Is the Kubernetes ingress set up correctly?
Is there extra latency between our services and the database?

A much better approach is to treat system-verification as a first-class consumer of our API. Have it send requests out of the cluster over the public internet to the exact URLs the app uses.

Test suites

We've taken inspiration from Go's testing mechanism and created our own runner and test interface which implements the same functions as testing.T so we can take advantage of test assertion libraries like testify and write tests that look like familiar Go tests. Each group of related tests is bundled into a test suite, here's an example of our Invoices test suite:

p.Testsuite = systesting.NewSuite(
	"Invoices",
	[]systesting.TestFunc{
		p.Create_draft_invoice,
		p.Update_draft_invoice,
		p.Preview_invoice,
		p.Issue_invoice,
		p.Verify_issued_invoice,
		p.Email_invoice,
		p.Verify_invoice_fully_matched,
		p.Delete_match,
		p.Cancel_invoice_without_a_credit_note,
		p.Create_and_issue_second_invoice,
		p.Cancel_invoice_with_a_credit_note,
		p.Verify_issued_credit_note,
		p.Verify_credit_note_in_ledger,
	},
	p.Cleanup)

We can also skip an entire test suite based on the failure of another suite.

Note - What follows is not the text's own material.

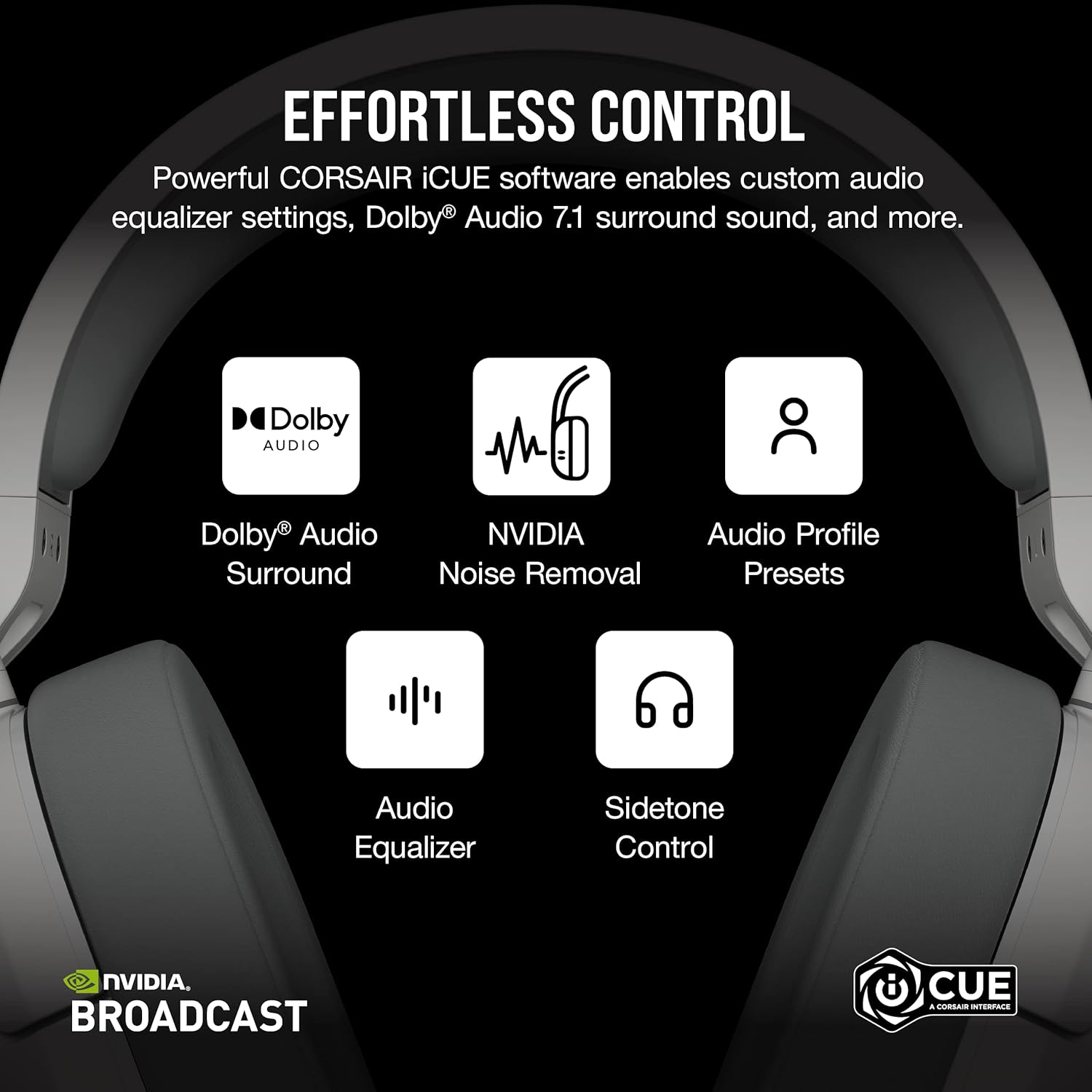 Corsair HS55 Wireless Gaming Headset, White. Low-Latency 2.4Ghz Wireless or Bluetooth, Dolby ® Audio 7.1 Surround Sound, Omni-Directional Microphone with Flip-to-Mute Function (UNBOXED) 🥇

For example, we would want to skip creating an invoice if we failed to sign up a user as there'd be no one who could issue that invoice so there's no point trying.

Countingup doesn't have a dedicated QA team, the developers are fully responsible for writing the tests so we're keen to make that as easy as possible. All our service endpoints are defined using Swagger and we auto-generate the Go client code from that so each test can perform whatever actions it needs in a type-safe, easy to read way. Very cool.

We've got 14 test suites right now, each of which has about 10 or so individual tests so the coverage is good but we can always do better!

Cleaning things up

Obviously we don't want to leave any test data lying around in our production environment. We can use the Cleanup function to clean up after each test suite. Typically each Cleanup function will delete all the data that was created by the test suite via endpoints on each service which are only accessible to system-verification and only for data created by system-verification. This makes it impossible to delete non-test data.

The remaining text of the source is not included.